[Items from a dataset]
########

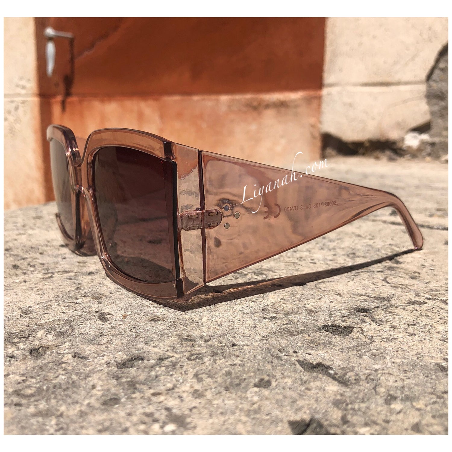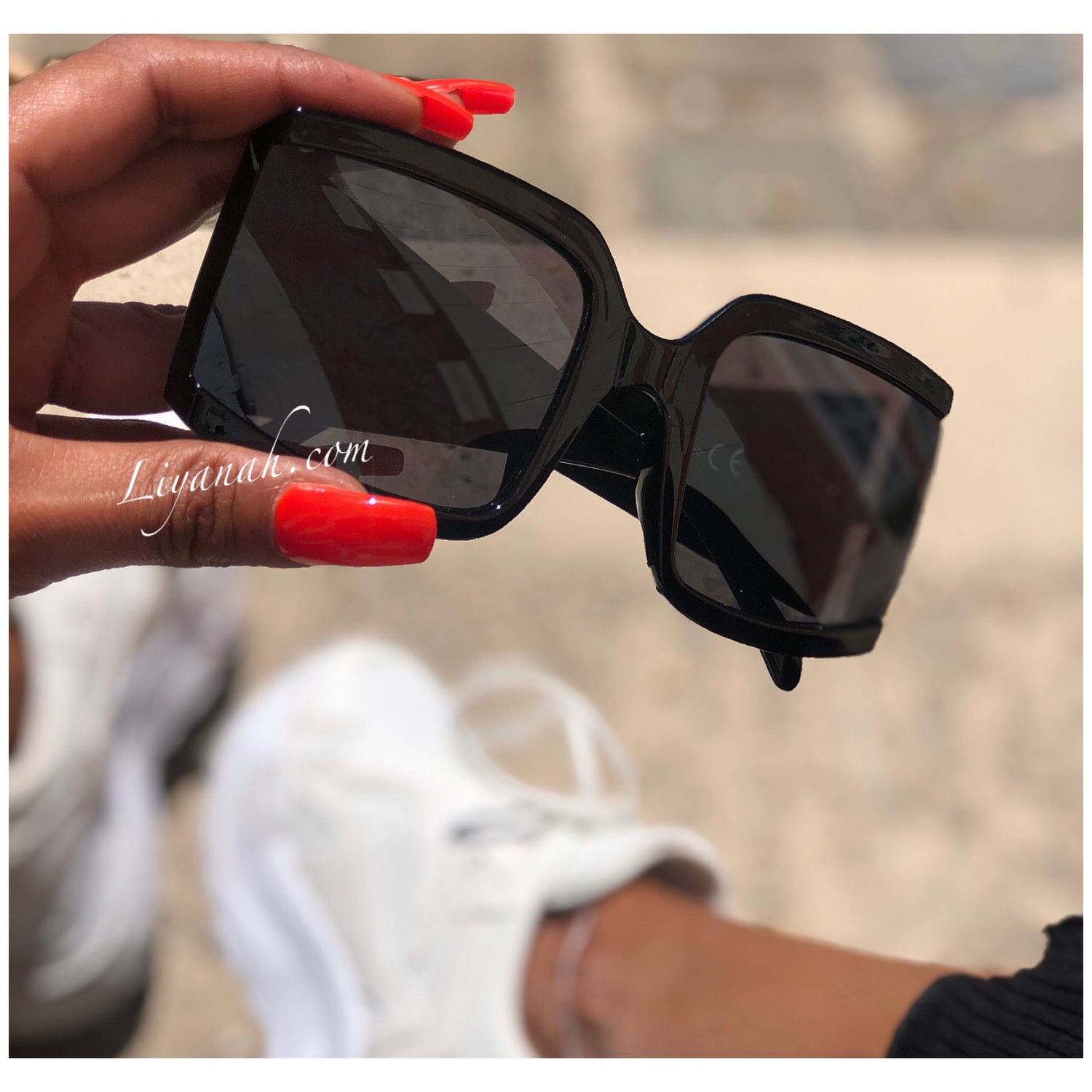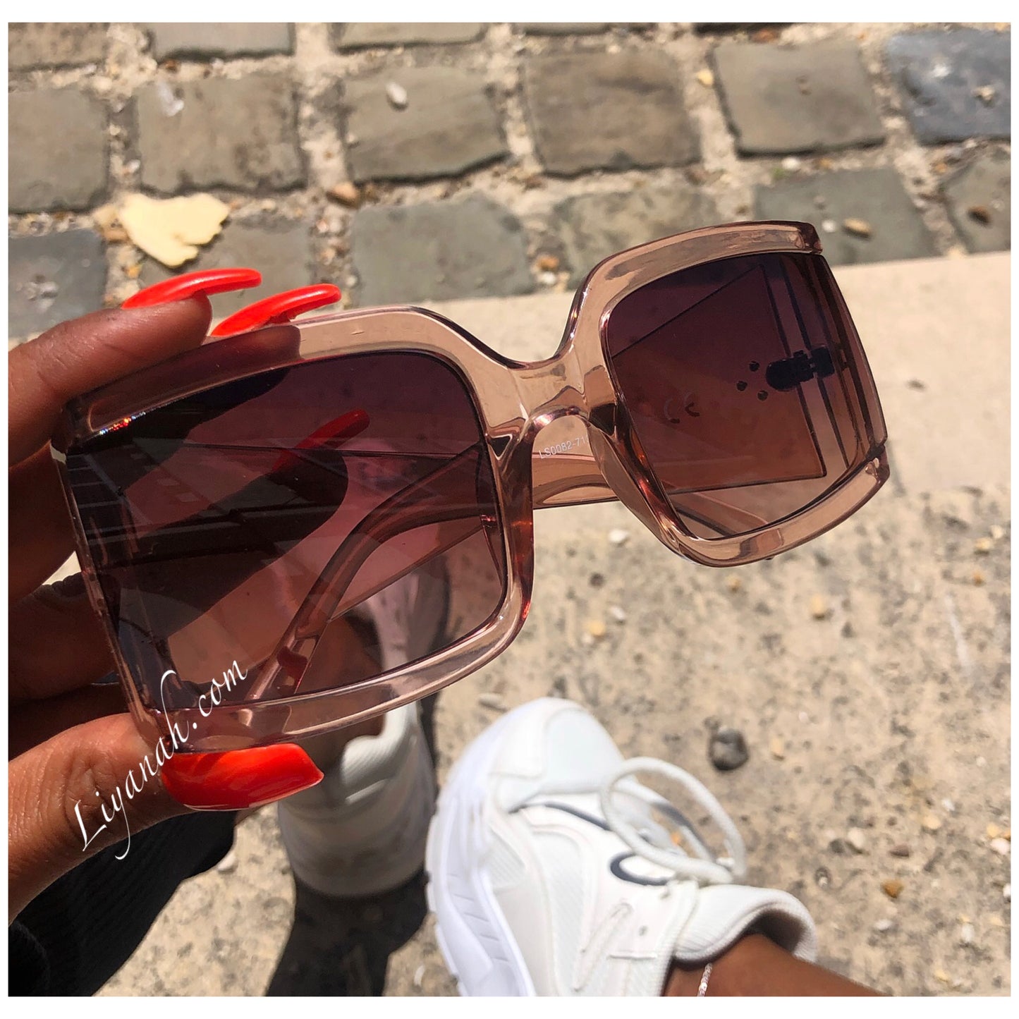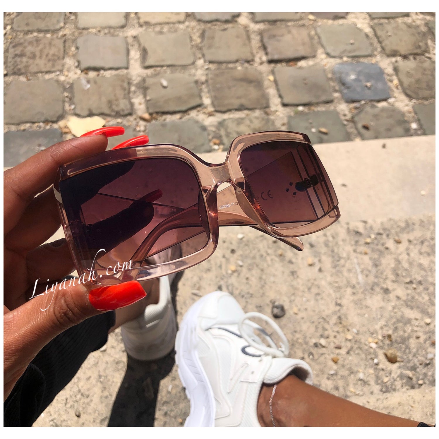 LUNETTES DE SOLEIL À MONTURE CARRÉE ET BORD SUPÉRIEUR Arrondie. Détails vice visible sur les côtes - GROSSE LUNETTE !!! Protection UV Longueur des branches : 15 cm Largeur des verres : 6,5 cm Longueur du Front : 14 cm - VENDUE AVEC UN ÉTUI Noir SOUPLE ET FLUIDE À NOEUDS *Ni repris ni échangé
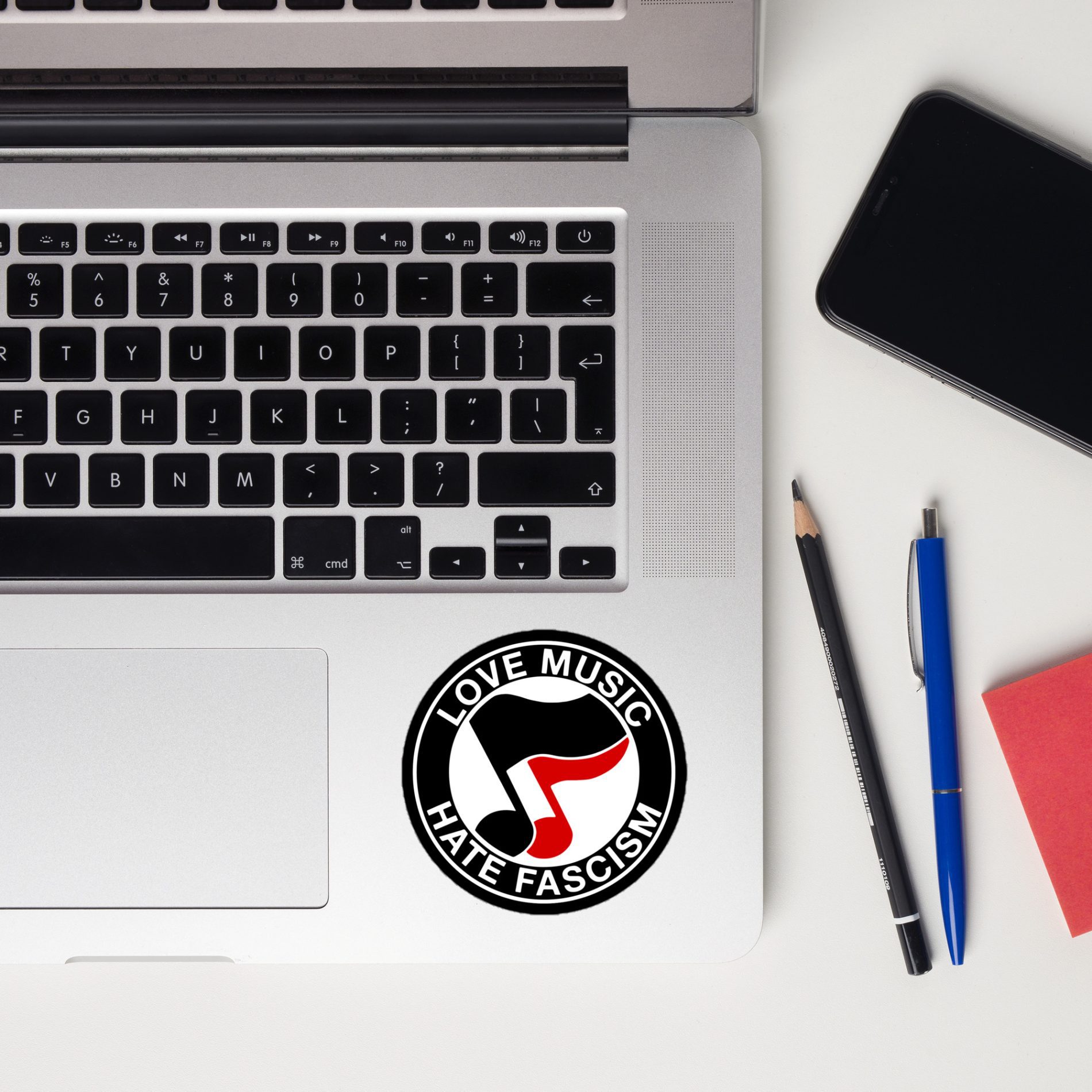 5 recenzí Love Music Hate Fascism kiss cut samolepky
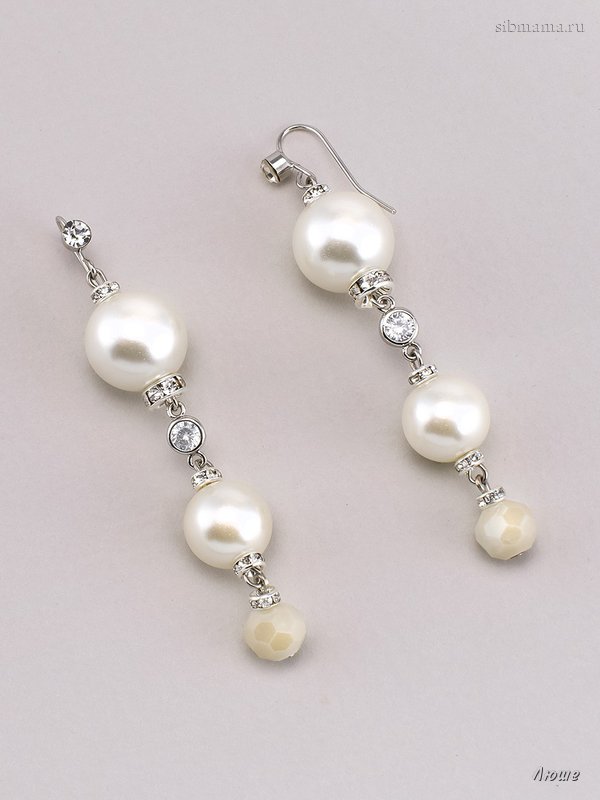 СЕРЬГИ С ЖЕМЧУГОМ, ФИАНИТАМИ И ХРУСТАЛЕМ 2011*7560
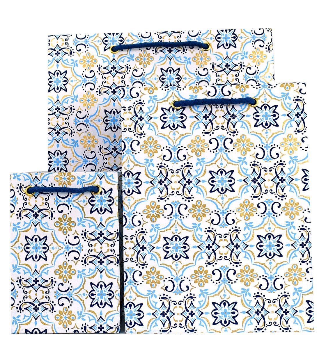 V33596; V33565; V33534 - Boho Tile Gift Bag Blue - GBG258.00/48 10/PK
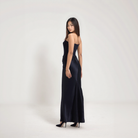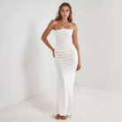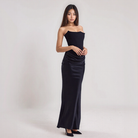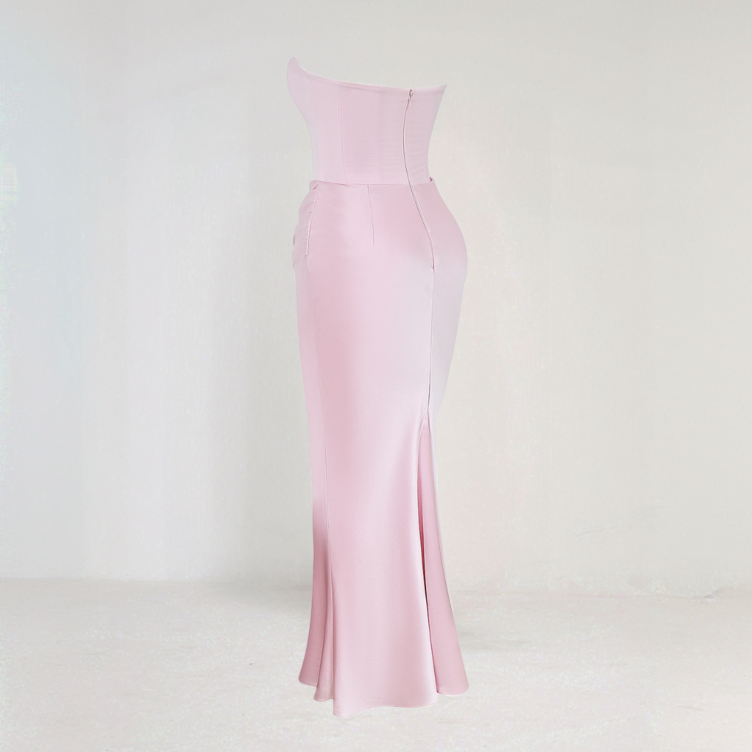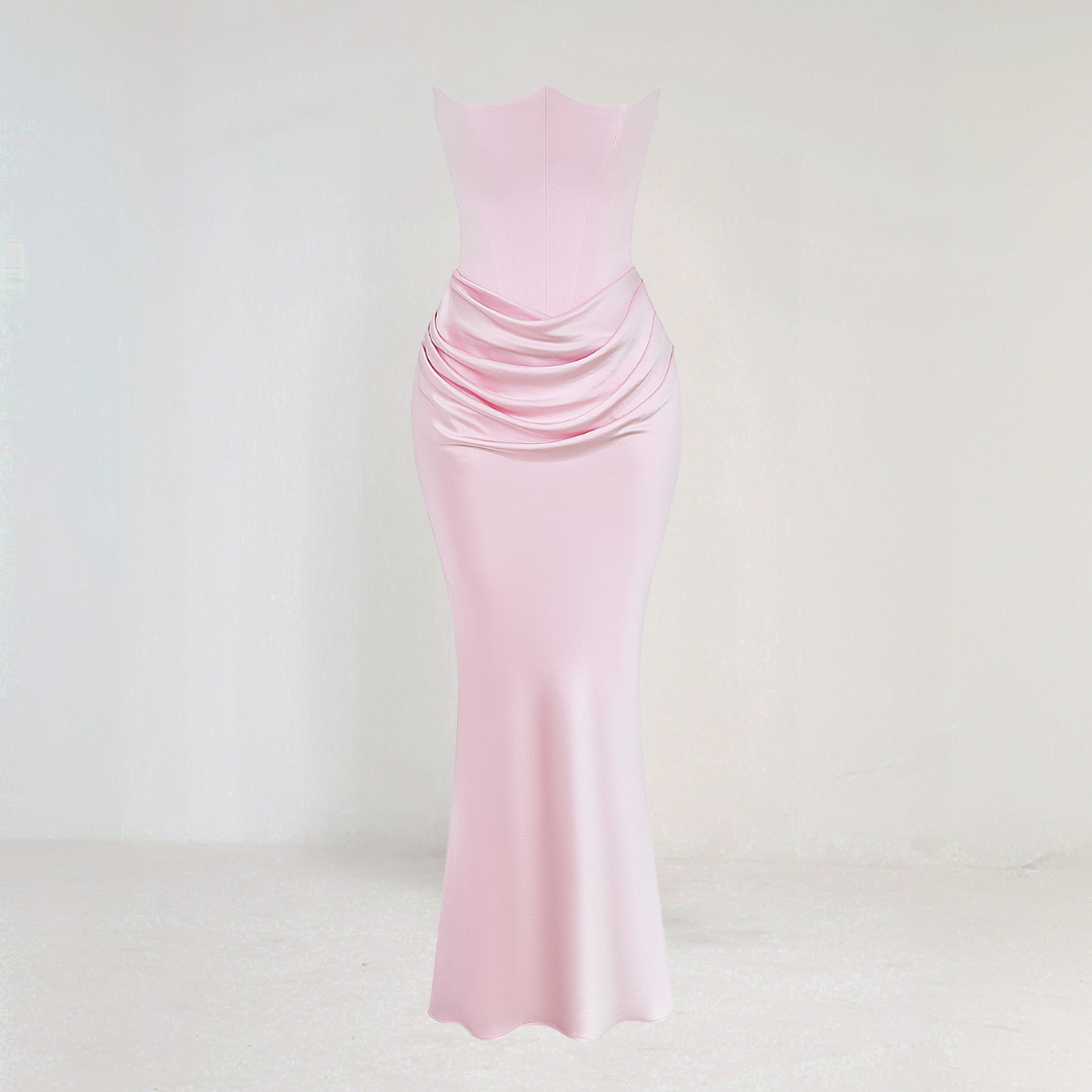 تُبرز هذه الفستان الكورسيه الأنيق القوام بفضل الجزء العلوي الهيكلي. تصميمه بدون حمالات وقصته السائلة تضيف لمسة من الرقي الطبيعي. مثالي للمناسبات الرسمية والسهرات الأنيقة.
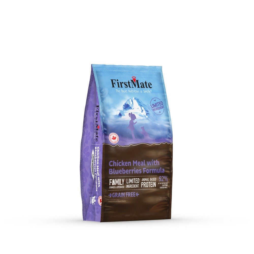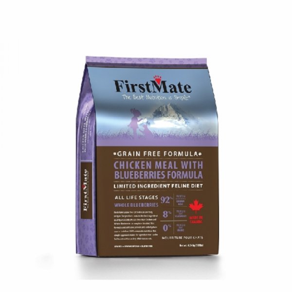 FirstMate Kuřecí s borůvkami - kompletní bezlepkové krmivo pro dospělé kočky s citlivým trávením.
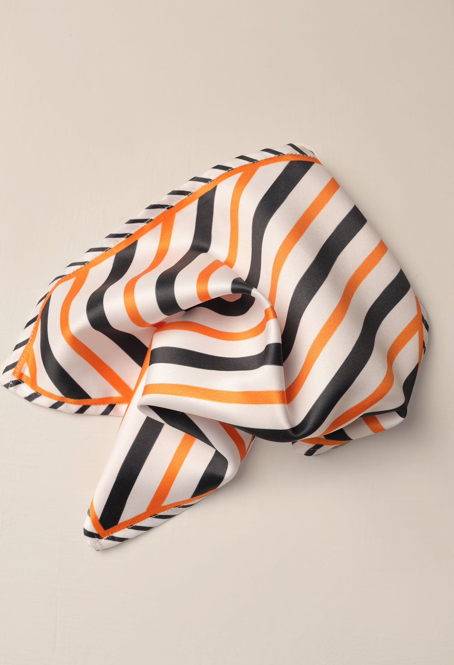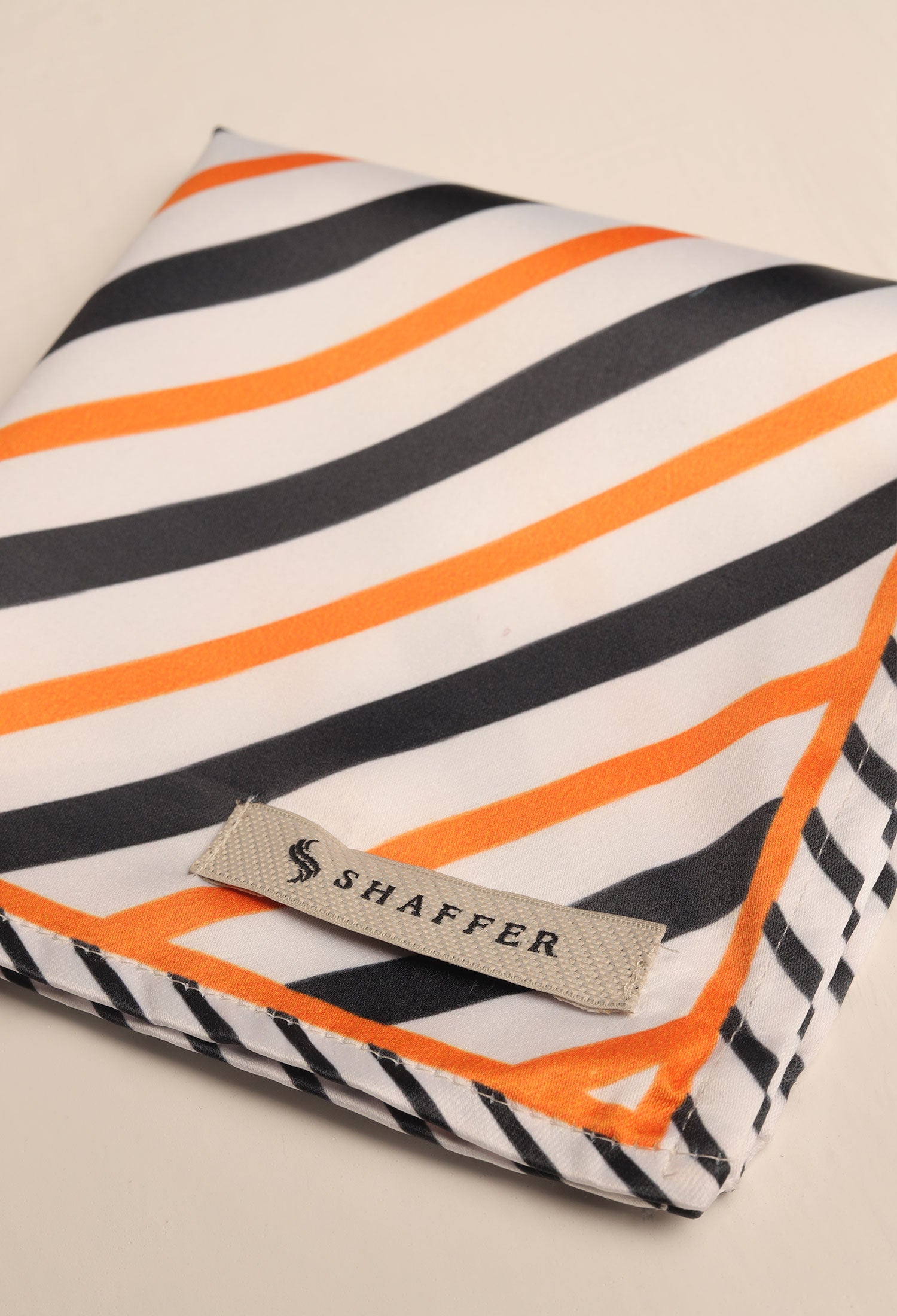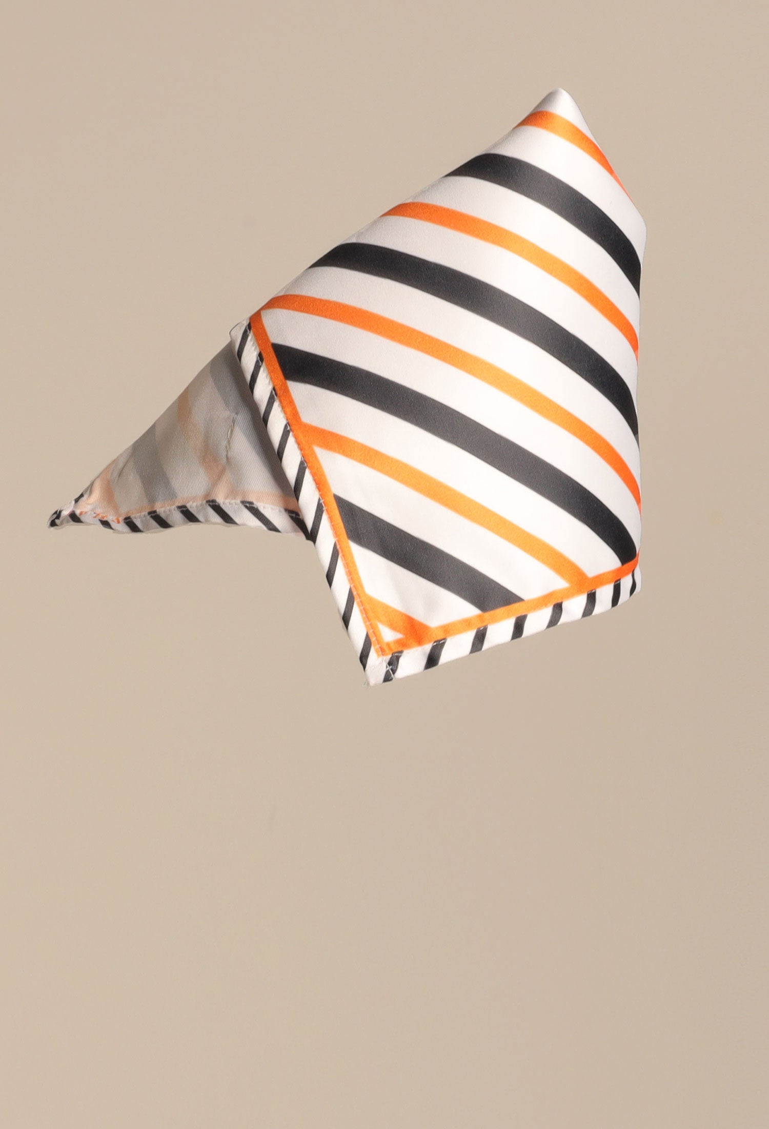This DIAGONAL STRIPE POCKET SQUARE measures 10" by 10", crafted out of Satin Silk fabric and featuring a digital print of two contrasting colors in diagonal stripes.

########

[INSTRUCTIONS TO FOLLOW] Please reproduce the lines exactly from the one containing "FirstMate Kuřecí s" through the last line of the data above, and keep the pictures out.

[RESPONSE TO THE EXERCISE]
 FirstMate Kuřecí s borůvkami - kompletní bezlepkové krmivo pro dospělé kočky s citlivým trávením.
This DIAGONAL STRIPE POCKET SQUARE measures 10" by 10", crafted out of Satin Silk fabric and featuring a digital print of two contrasting colors in diagonal stripes.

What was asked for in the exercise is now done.